John Pepper obituary
This article is more than 6 years oldMy friend John Pepper, who has died aged 75, was a counsellor, teacher and award-winning author. His writing never brought him fame, but it was recognised. Cockley Beck: A Celebration of Lakeland in Winter (1984) was listed by Robert Macfarlane in the Guardian as “one of the great classics of British nature writing”. Other titles include How to Be Happy (1985), with an introduction by the Dalai Lama, Seeing the Light: The Art of Becoming Beautiful (1993) and The Good God Guide (2002), a collection of cartoons on religion.

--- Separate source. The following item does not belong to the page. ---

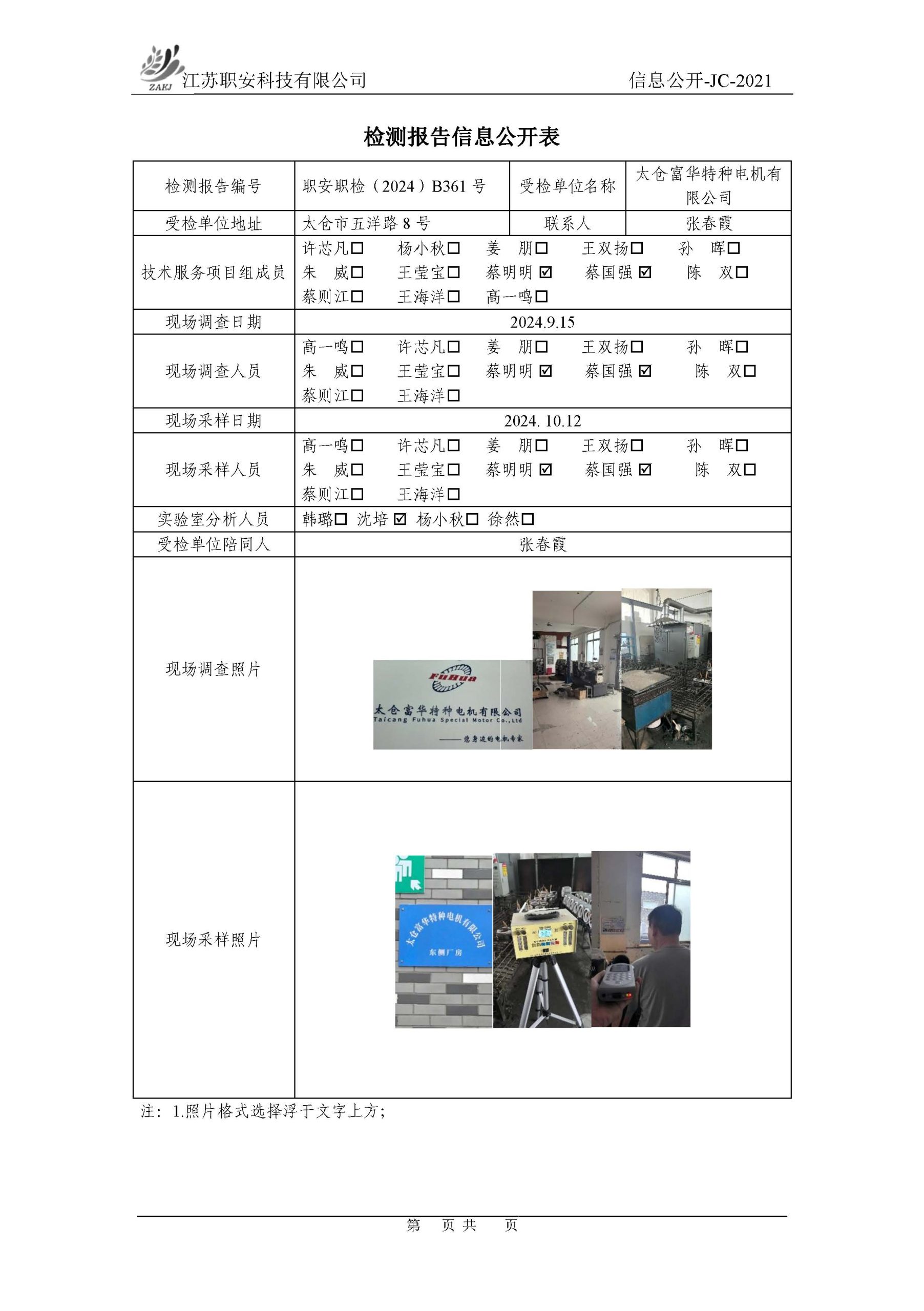 檢測報告公示

John was born in Doncaster to Irene (nee Holmes), a clerk and former dancer, and Leonard, a methodist, furniture salesman and sergeant in the Irish Guards. The family moved to Southampton, and John attended King Edward VI school, leaving at 16 to train as a reporter on the Southern Evening Echo, and study part-time at the Southern College of Art.

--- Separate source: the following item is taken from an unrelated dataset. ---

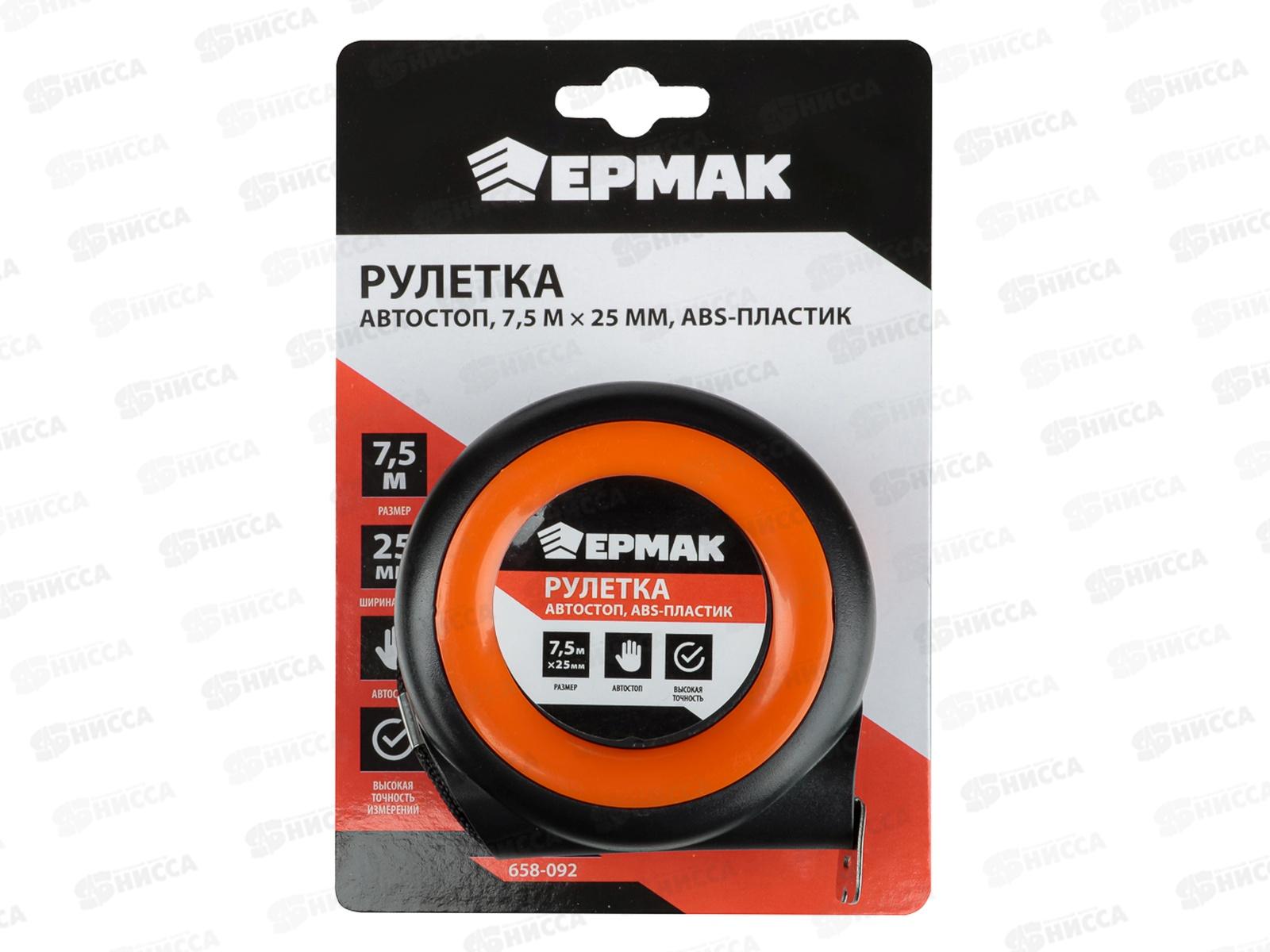 Рулетка 7,5м*25мм ЕРМАК Автостоп ABS пластик 658-092 г

In 1962, after a brief spell with the East London News Agency, he went to Turkey as administrative secretary with the US air force in Nato. By the age of 21, he was a freelance reporter in Bristol, where he landed a “front” job on the nightly independent TV news programme and made documentaries. In 1969 he was elected British fellow of the World Press Institute in the US; that same year he married Wendy Godwin, a nurse, but they divorced four years later. His first book, Amerigrope (a collection of essays) came out in 1971.
In 1972, he gave up paid employment and embarked on a “quest for meaning”, living in the US, Spain, a caravan in Wales and on floors of friends while trying to make a living as an author. He eventually turned to Buddhism and moved to London, where he combined temporary jobs such as subediting for the BBC World Service and drawing strip cartoons for the Listener with winter-long retreats to a Lakeland cottage, to focus on his writing. By 1984 he had received a Northern Arts award for Cockley Beck.
Three years later he moved full-time to Lancaster, where he taught meditation, healing and expressive arts at the adult college and university summer schools. In 1994 he trained as a counsellor at Wigan and Leigh College and in 1998 he and a friend, Ruth France, volunteered with the Healing Hands Network in Sarajevo. His grief following Ruth’s death in 2008 found expression in Cry Downriver (2011).
I met John in 2000, after enrolling on one of his meditation courses. An inspiring teacher, he encouraged me in my return to art and subsequent retraining in art psychotherapy.
John was never more content than when wild swimming, or watching the antics of the birds and other creatures who shared life on the margins. He leaves behind a circle of much-loved friends, who will miss his mercurial spirit, his comments on the weather and the wonderful cartoons that accompanied his many letters.
He is survived by his sister, Linda.